Supplied data

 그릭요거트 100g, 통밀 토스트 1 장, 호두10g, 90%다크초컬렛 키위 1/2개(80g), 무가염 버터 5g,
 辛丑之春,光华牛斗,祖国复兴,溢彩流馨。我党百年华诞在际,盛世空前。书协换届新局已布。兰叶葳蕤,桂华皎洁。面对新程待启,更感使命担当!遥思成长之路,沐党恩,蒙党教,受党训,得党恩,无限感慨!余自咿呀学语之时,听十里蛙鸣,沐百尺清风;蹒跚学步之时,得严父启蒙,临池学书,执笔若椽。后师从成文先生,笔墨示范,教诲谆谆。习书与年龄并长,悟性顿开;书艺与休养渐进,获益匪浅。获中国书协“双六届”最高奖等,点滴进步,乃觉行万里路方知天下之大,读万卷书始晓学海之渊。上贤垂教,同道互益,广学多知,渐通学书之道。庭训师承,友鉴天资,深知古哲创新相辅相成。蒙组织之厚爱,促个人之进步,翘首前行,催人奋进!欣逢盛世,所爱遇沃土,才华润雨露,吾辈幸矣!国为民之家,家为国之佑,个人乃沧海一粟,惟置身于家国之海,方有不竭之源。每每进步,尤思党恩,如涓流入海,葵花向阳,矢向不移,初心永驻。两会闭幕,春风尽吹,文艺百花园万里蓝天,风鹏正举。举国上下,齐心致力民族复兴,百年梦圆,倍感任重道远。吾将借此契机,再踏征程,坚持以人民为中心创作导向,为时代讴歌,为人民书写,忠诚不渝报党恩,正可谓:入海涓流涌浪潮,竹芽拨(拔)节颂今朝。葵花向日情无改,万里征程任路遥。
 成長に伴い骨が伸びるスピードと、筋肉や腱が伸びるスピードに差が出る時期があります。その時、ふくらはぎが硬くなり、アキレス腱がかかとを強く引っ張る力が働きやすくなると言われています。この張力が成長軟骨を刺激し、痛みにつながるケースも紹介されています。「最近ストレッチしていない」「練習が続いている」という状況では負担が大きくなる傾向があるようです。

Exercise
Each line of the listing has to be reproduced exactly.

Exercise answer
 그릭요거트 100g, 통밀 토스트 1 장, 호두10g, 90%다크초컬렛 키위 1/2개(80g), 무가염 버터 5g,
 辛丑之春,光华牛斗,祖国复兴,溢彩流馨。我党百年华诞在际,盛世空前。书协换届新局已布。兰叶葳蕤,桂华皎洁。面对新程待启,更感使命担当!遥思成长之路,沐党恩,蒙党教,受党训,得党恩,无限感慨!余自咿呀学语之时,听十里蛙鸣,沐百尺清风;蹒跚学步之时,得严父启蒙,临池学书,执笔若椽。后师从成文先生,笔墨示范,教诲谆谆。习书与年龄并长,悟性顿开;书艺与休养渐进,获益匪浅。获中国书协“双六届”最高奖等,点滴进步,乃觉行万里路方知天下之大,读万卷书始晓学海之渊。上贤垂教,同道互益,广学多知,渐通学书之道。庭训师承,友鉴天资,深知古哲创新相辅相成。蒙组织之厚爱,促个人之进步,翘首前行,催人奋进!欣逢盛世,所爱遇沃土,才华润雨露,吾辈幸矣!国为民之家,家为国之佑,个人乃沧海一粟,惟置身于家国之海,方有不竭之源。每每进步,尤思党恩,如涓流入海,葵花向阳,矢向不移,初心永驻。两会闭幕,春风尽吹,文艺百花园万里蓝天,风鹏正举。举国上下,齐心致力民族复兴,百年梦圆,倍感任重道远。吾将借此契机,再踏征程,坚持以人民为中心创作导向,为时代讴歌,为人民书写,忠诚不渝报党恩,正可谓:入海涓流涌浪潮,竹芽拨(拔)节颂今朝。葵花向日情无改,万里征程任路遥。
 成長に伴い骨が伸びるスピードと、筋肉や腱が伸びるスピードに差が出る時期があります。その時、ふくらはぎが硬くなり、アキレス腱がかかとを強く引っ張る力が働きやすくなると言われています。この張力が成長軟骨を刺激し、痛みにつながるケースも紹介されています。「最近ストレッチしていない」「練習が続いている」という状況では負担が大きくなる傾向があるようです。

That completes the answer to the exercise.